In Lean Six Sigma, a control chart can display two types of variation, specific cause variation (points outside of the limits or a nonrandom pattern) and common cause variation.

When the control charts for a process measure show a random pattern or variation, it is considered a common cause variation. All points within the control limits are included. A process measure is considered to be stable or statistically controlled if it shows common cause variation on a control chart.

If you want to reduce variation due to common causes, fundamental changes must be made to critical components of your process, such as machine, material, people, environment, measurement, and personnel.

Three benefits of common cause variation in Lean Six Sigma

If the process is under statistical control

1. In the short-term, the process outcome is predictable

This is a great benefit! You can predict the outcome of a process if it is predictable.

2. Process capability can be evaluated

Process capability Compares common cause variations from your process measure with the specifications and target of the customer or engineer for that measure.

If the process is stable and the common cause variation falls within the limits of the specification, the process is capable.

3. The process can be improved

Stability is the prerequisite for a competent process. You can reduce the variation of a process measurement by fundamentally changing its process components once it is stable. We conducted an experiment to show that certain machine settings can reduce process measure it.

What is the significance of common cause variation?

Tampering is when you treat variation from common causes like it’s from a particular cause. Tampering is not a good idea. It is a waste of time and resources that will increase the variability in the process.

Common cause variation is when the process measurement moves beyond the calculated control limits. To reduce this variation, you will need to make fundamental changes to the process components.

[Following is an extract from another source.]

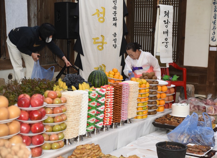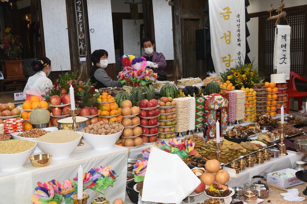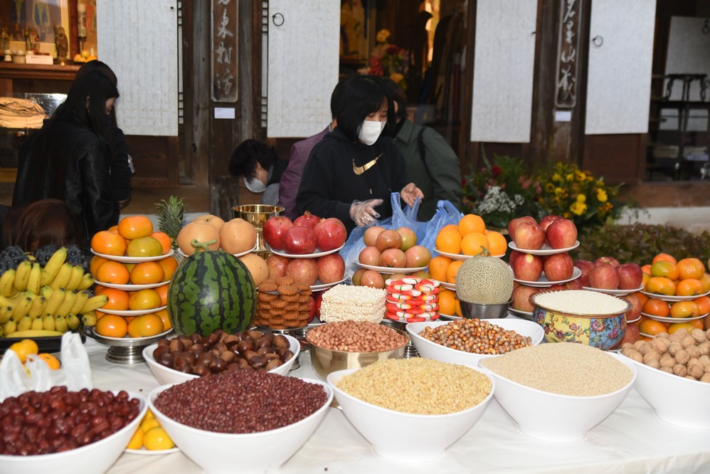 Sacrificial foods. All of this will go home with someone.

Consider, for example, a stable control chart that shows the number of scratches on a casing. It has a maximum limit of 6 scratches, and a minimum of zero scratches. Over three samples, the average scratch rate was between 3 and 2 to 5.

If you asked your workers “What happened?” when their error rate rose to 5 they would likely reply “nothing new!” because they are tampering. An error rate of 5 is normal as it is within control limits.

Instead, improve the polishing process to make it more efficient. This will reduce variation and eliminate waste from tampering.

Three best practices for common cause variation

It’s a process that’s under statistical control or stable. Common cause variation is used to:

1. Calculate the expected range of values from your process measurement

A control chart of yield, for example, is operating at an average yield of 90% and has a 92% upper limit and an 88% lower limit.

2. If the process requirements are not being met, make fundamental changes to key process components.

Our manager wanted to get a higher yield from her process so she established a more rigorous mechanical maintenance schedule in order to make sure that the machines are operating as they should.

3. Continue plotting the control chart following the change

Our control chart showed that our manager made a change. It showed a shift in the yield (our yield increased to 95%) and/or a decrease in variation (our yield variation remained at +/- 2%) after the change.